Snyder told The Detroit News Monday he is comfortable with Davis being on the task force despite recent revelations over Legionella awareness in the state health department.

“I found him to be an extremely high-caliber, a very bright physician that does good community health work,” Snyder said of Davis. “The other part of it is, he’s one member of a broader group that clearly have a broad base of different backgrounds and experiences.”

The task force has so far written three letters to the governor, including an initial report that blasted the Department of Environmental Quality, prompting the resignation of Director Dan Wyant and his spokesman in late December.

The most recent letter also pressed the state health department to provide a robust response on the Legionella outbreak, including a request for federal support from the Centers for Disease Control and Prevention.

“Our task force continues to be fully immersed in the work of understanding why the Flint water crisis happened and how to try to prevent it from ever happening again in Michigan or elsewhere,” Davis said.

Chris DeWitt, a task force spokesman and longtime consultant to the governor, said Davis has “been very helpful and active” with the investigation. The task force has not placed any restrictions on Davis because of his connections to the state, he said.

Ananich, who began calling for legislative hearings on the Flint crisis in October, reiterated those calls last week, saying questions over Davis’ role on the task force highlight the need for a legislative probe.

“I think the best way to resolve all these issues — not to say the task force shouldn’t finish their work — is to have a bicameral oversight committee with subpoena power,” he said. “I think it should be evenly matched between Democrats and Republicans, because this is not a political issue, this is a public health crisis.”

Senate Majority Leader Arlan Meekhof, R-West Olive, said last week his caucus has begun discussing the prospect of hearings, but he suggested legislators are better equipped to review policy than investigate. The House Oversight Committee could begin holding hearings in March, after the final task force report is out.

Snyder, who has agreed to testify at an as-yet unscheduled congressional hearing, has apologized for the Flint water crisis and cited failures at all levels of government, including the city and federal agencies.

He has criticized the state DEQ for failing to ensure corrosion controls were added to Flint River water, a decision that allowed lead to leach from aging pipes into homes. Snyder said this week there are also “challenges” in the state health department, which disputed independent blood-lead testing it later confirmed.

Records show officials in both departments were slow to respond to an initial Legionnaires’ spike noticed in Genesee County. None of the released emails involved Davis.

Epidemiologist Susan Bohm, in an October 2014 email, told other Health and Human Services officials that DEQ water division chief Liane Shekter Smith sought to steer the health department away from linking the outbreak to Flint water.

Snyder has said he did not learn about the Legionnaires’ outbreak until January 2016, when he informed the public at a press conference.

Davis, who worked for the state through the end of last April, said it’s hard to say if he should have been alerted to the initial Legionella concerns first raised in late 2014 and early 2015.

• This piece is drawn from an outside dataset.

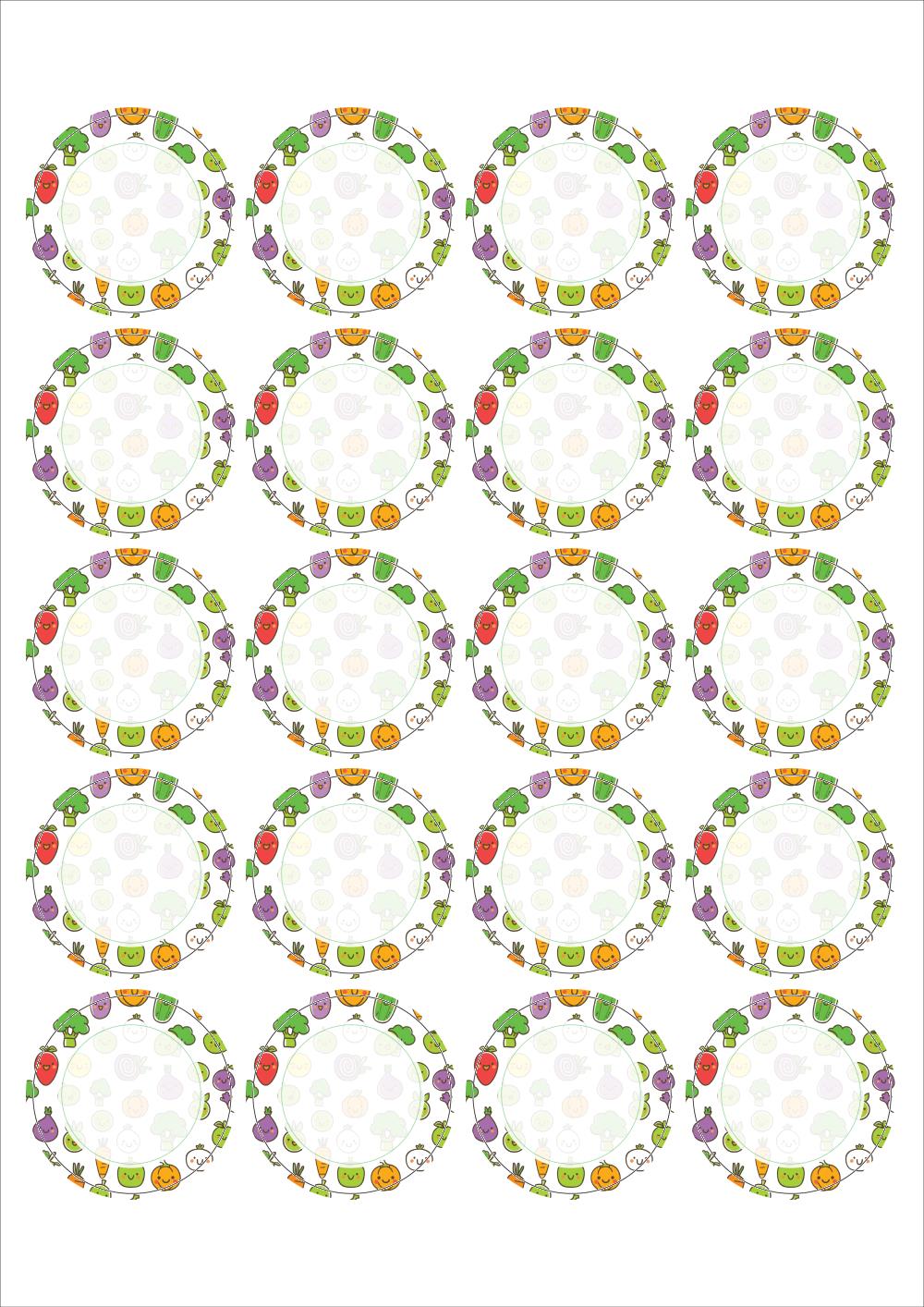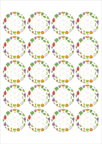 디자인된 A4 라벨지 출력용 라벨스티커, 규격코드: 520, 디자인코드: DA1377(건강한 야채 이야기), Φ45 (mm) 원형

“There was clearly an investigation in process, and while investigations are ongoing, it’s not necessarily the case that the chief medical executive is brought in,” he said. “Chief medical executives are brought in if there are concerns at the end of an investigation, after all the data have been collected.”

Davis continued working for UM while serving the state, which split his salary with the university. His successor, Dr. Eden Wells, had a similar arrangement until last week, when the state made her a full-time employee.

The state’s Public Health Code requires the chief medical executive to be a full-time employee, but Snyder had modified the position in 2011.

“I was always available (to the state) and was in Lansing, in person, for 50 percent of my time,” Davis said.